Rob: Yes, quickly. I think it’s going to change things massively on the AI side. Think about it. Paid advertising comes with a much more, “Well, what’s the ROI? How much money am I going to make? If I give you $1, do I get $50 back? If I don’t get $50 back, I can get $50 on Google.” I think that’s going to change that attribution element. It’s going to force the algorithms. It’s going to force the platforms to play a different game they haven’t been playing yet.
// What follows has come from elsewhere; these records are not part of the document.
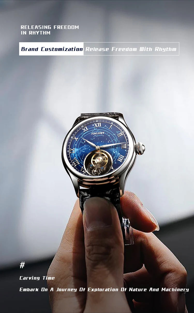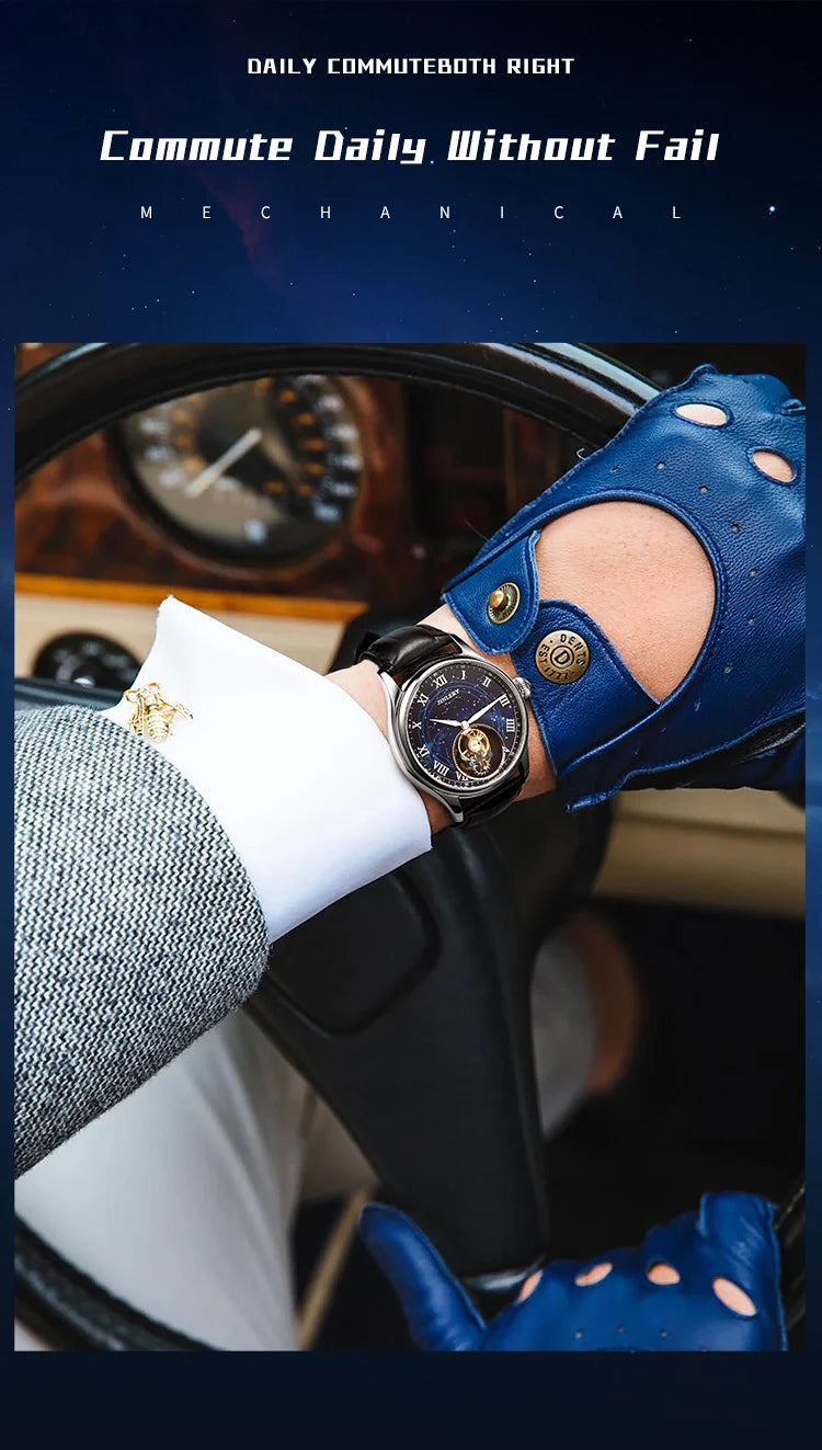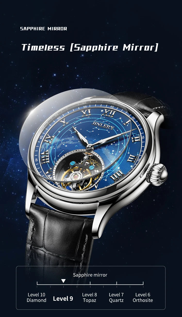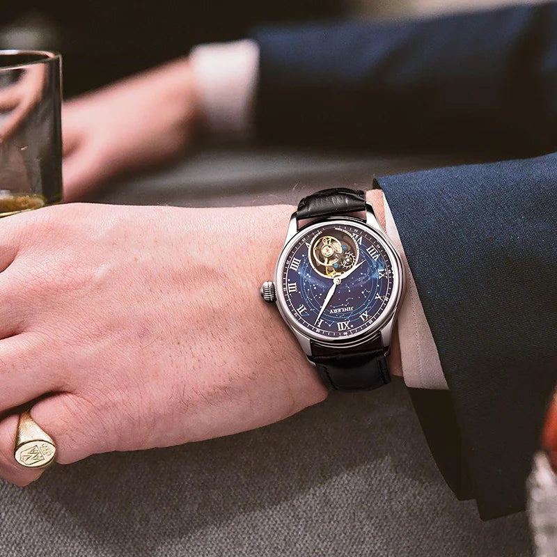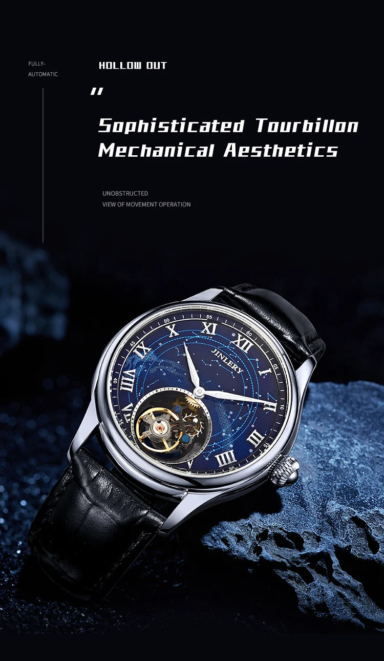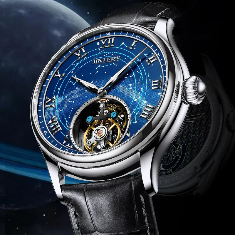 Men's Milky Way Star Sapphire Dial Luxury Leather Flying Tourbillon Mechanical Watch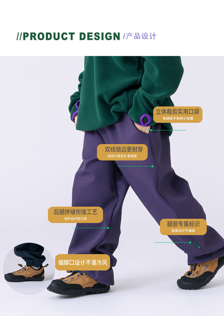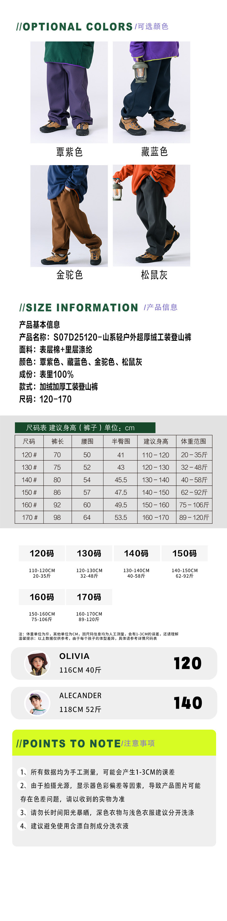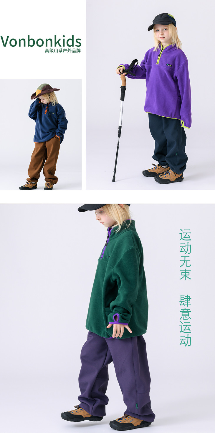 【最后一波新款】vonbonkids 山系轻户外超厚绒工装登山裤K07D25120款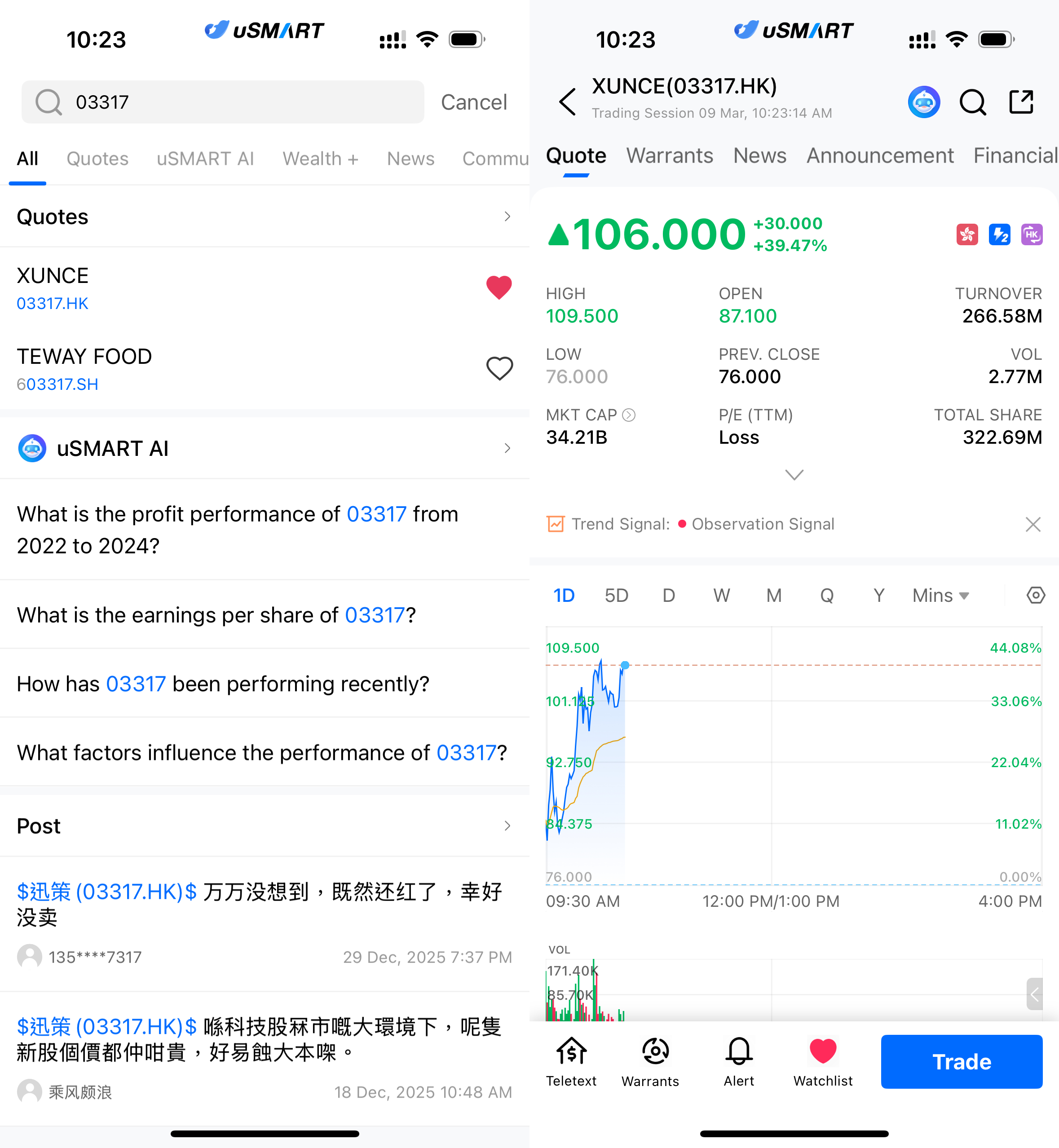 After logging into the uSMART HK app, click the “Search” button in the top-right corner of the page, enter the ticker code (03317.HK), and navigate to the details page to view transaction details and historical trends. Click the “Trade” button in the bottom-right corner, select the trade type, and submit your order after filling in the transaction conditions.
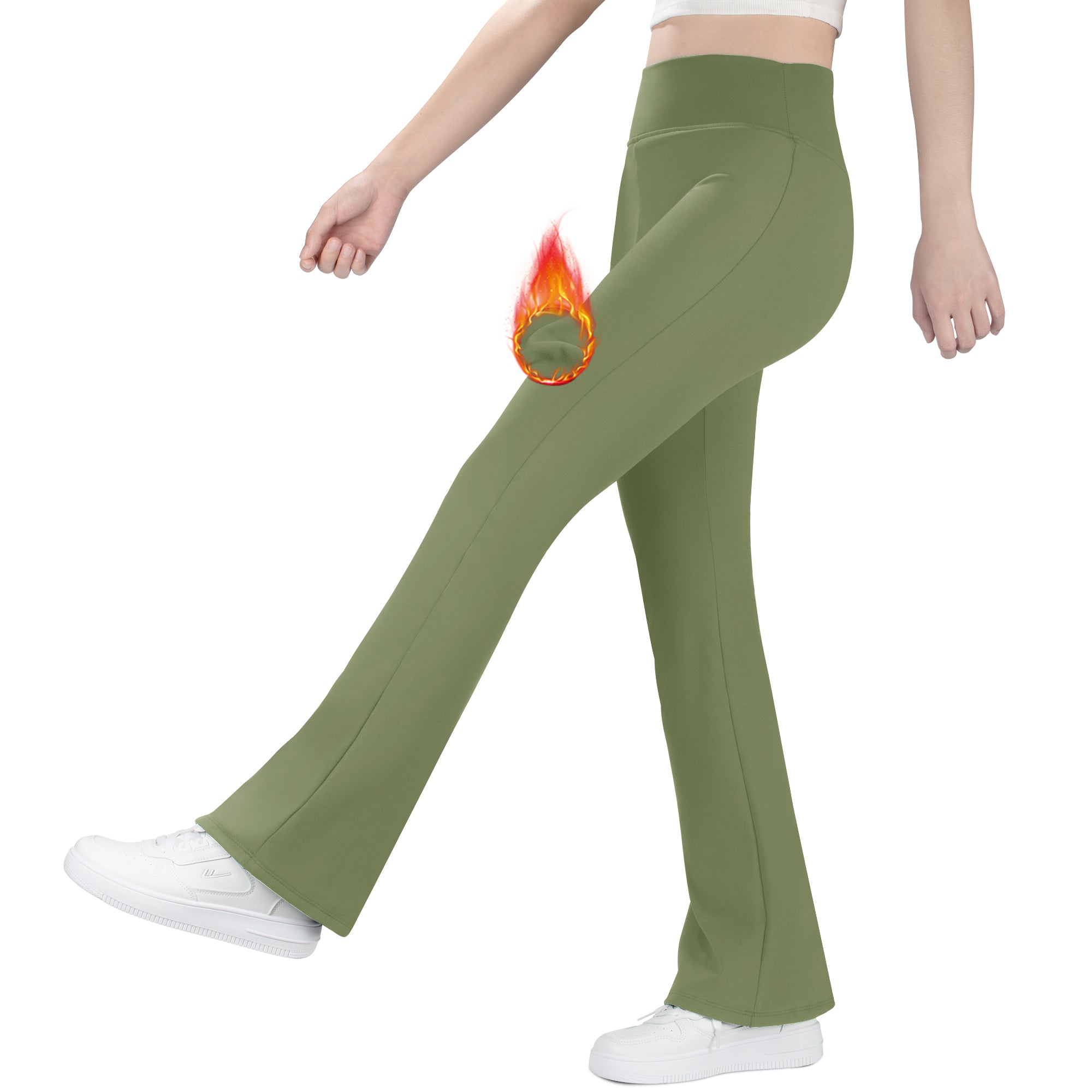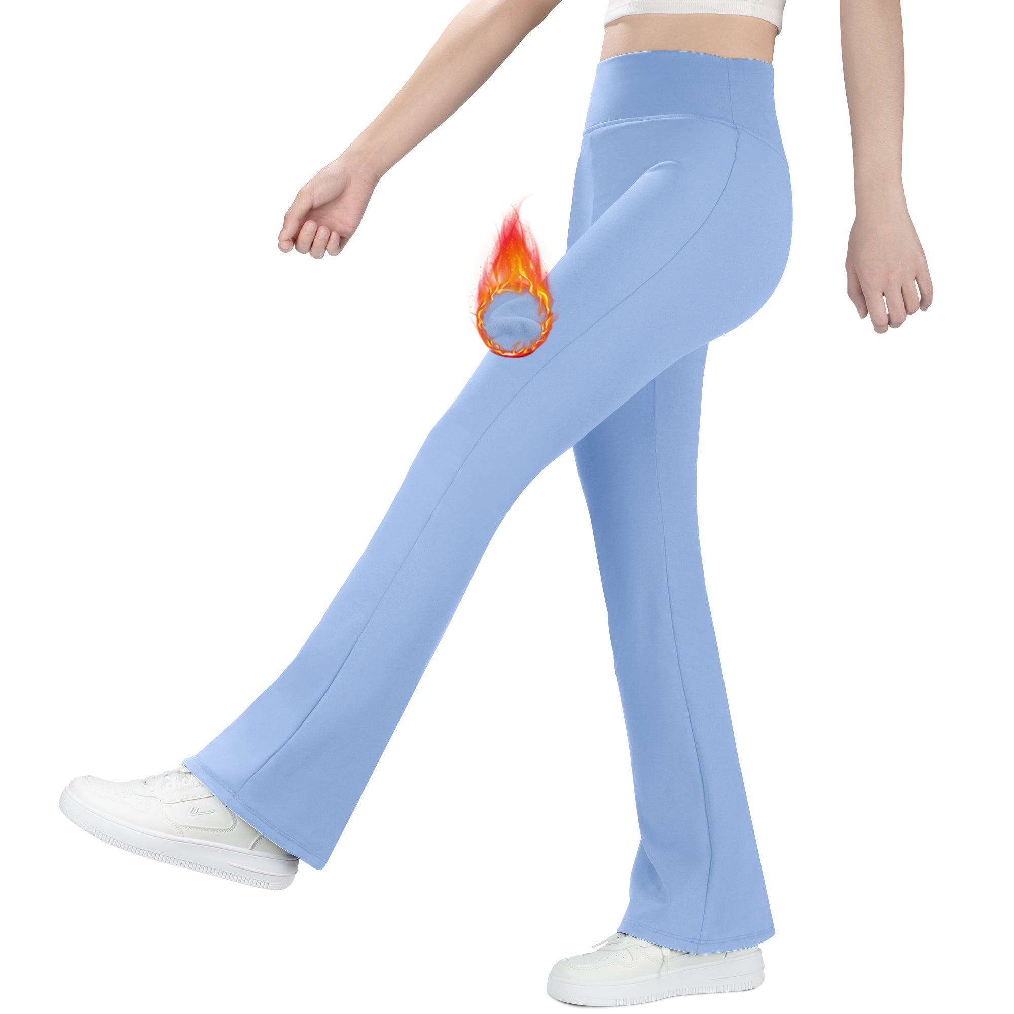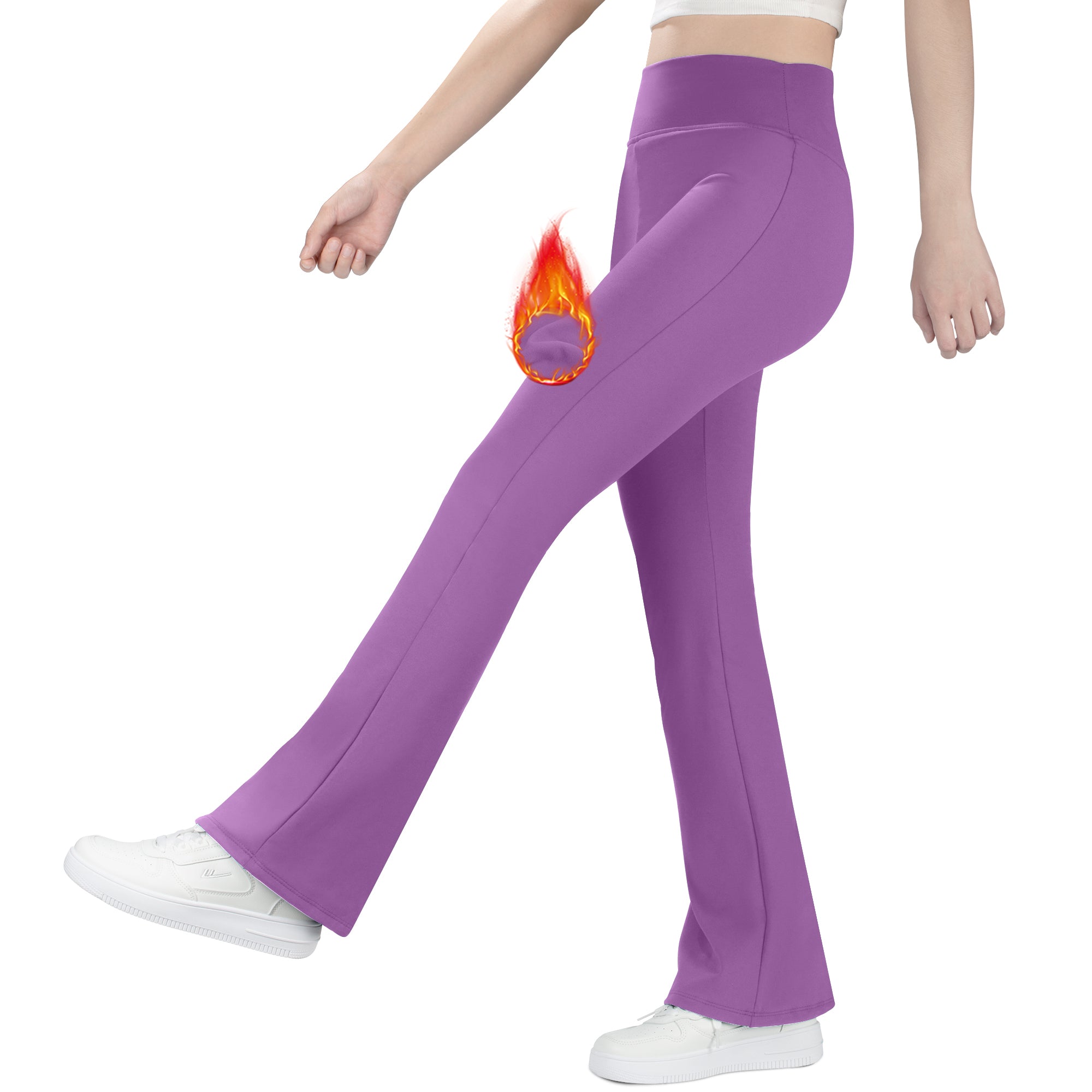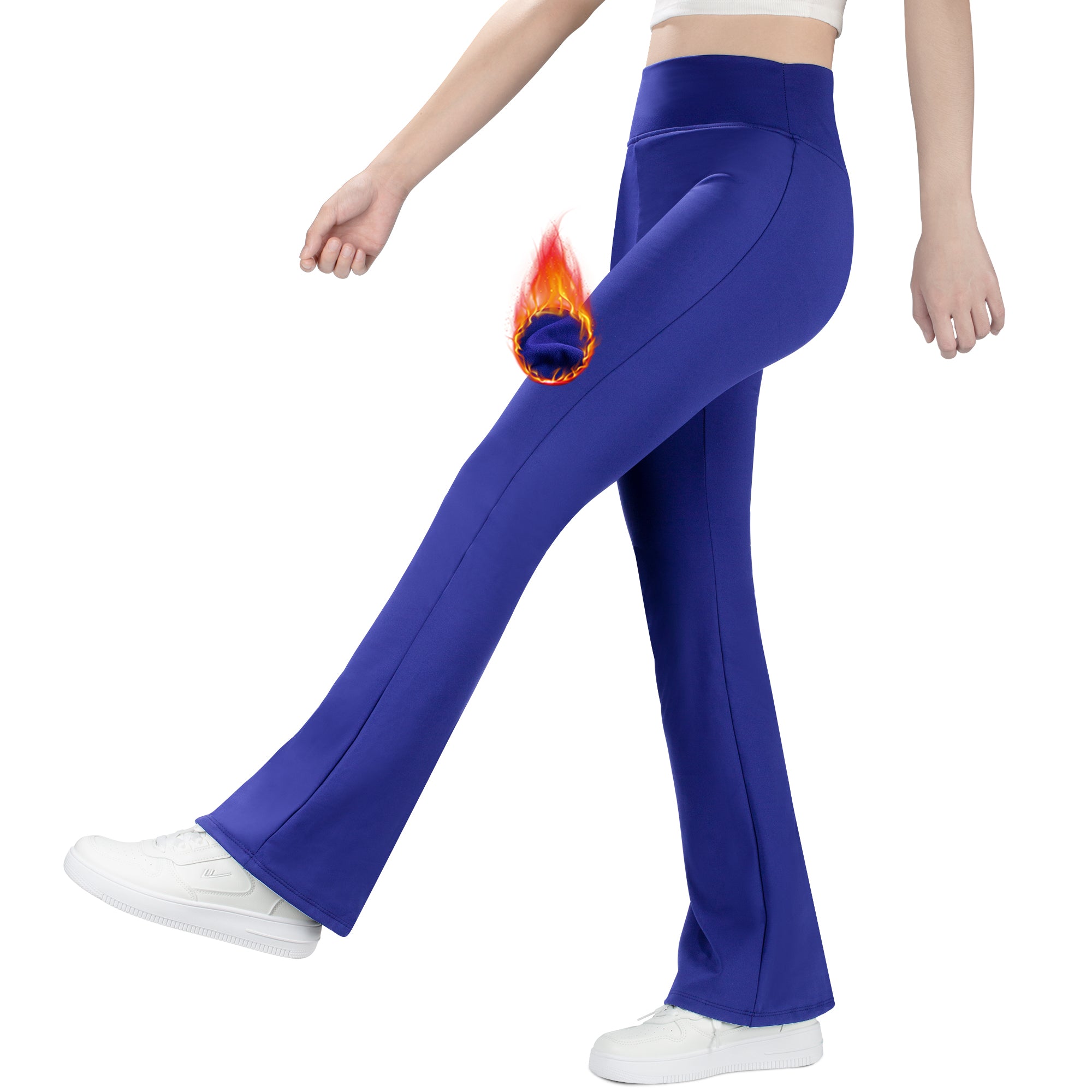 BIG ELEPHANT Fleece Lined Flare Leggings, Girls High Waist Thick Flared Pants for Winter

Even worse, they’ve been arguing that’s bad. Most of these platforms are like, “Ad-free.” Now they’re all going into the ad world. Well, it’s just like everything else. They get you on board. They get you using it. They sell it to you. Once they get a critical mass, now they can start to monetize it. It’s a matter of time before every single one of these. We all know for a fact these platforms aren’t making money, so they need the strategy.
Lauren: Those are the actual generative engines themselves. We all know and we’ve discussed that AI-assisted search is a big part of the SERP, too. Your general sentiment last year was the fundamentals of SEO still apply to an effective AIO strategy. Where do you stand today on that? What has changed? What do you think people need to be focusing on?
Rob: The fundamentals are definitely still there. You still need good schema. You need good content. You need good messaging. You need something interesting to say. It’s changing a bit. I joke when I have to tell the story because I don’t like the words, but it’s changed a lot from measuring pages and ranking pages to chunks. Entities is sometimes what we refer to it as, but it’s really looking at content in a larger group. It’s looking at your website as a larger connection of things. Your authority is a larger connection of things.
Google platforms still rely a bit more on SEO outcomes, partly because at the end of the day, remember, Google still has a lot of money they make every single minute of every single day on SERP. It still funnels you back towards that Google search. For ChatGPT, again, still very important, but tends to be a little bit more common language, tends to be a little more flexible and not over-indexed. Traditional SEO looks for more of those answer-driven elements, but still requires the same thing. It requires strong content. It requires interconnected content. It requires schema and organization to make sure that it can understand what you’re saying and back it up.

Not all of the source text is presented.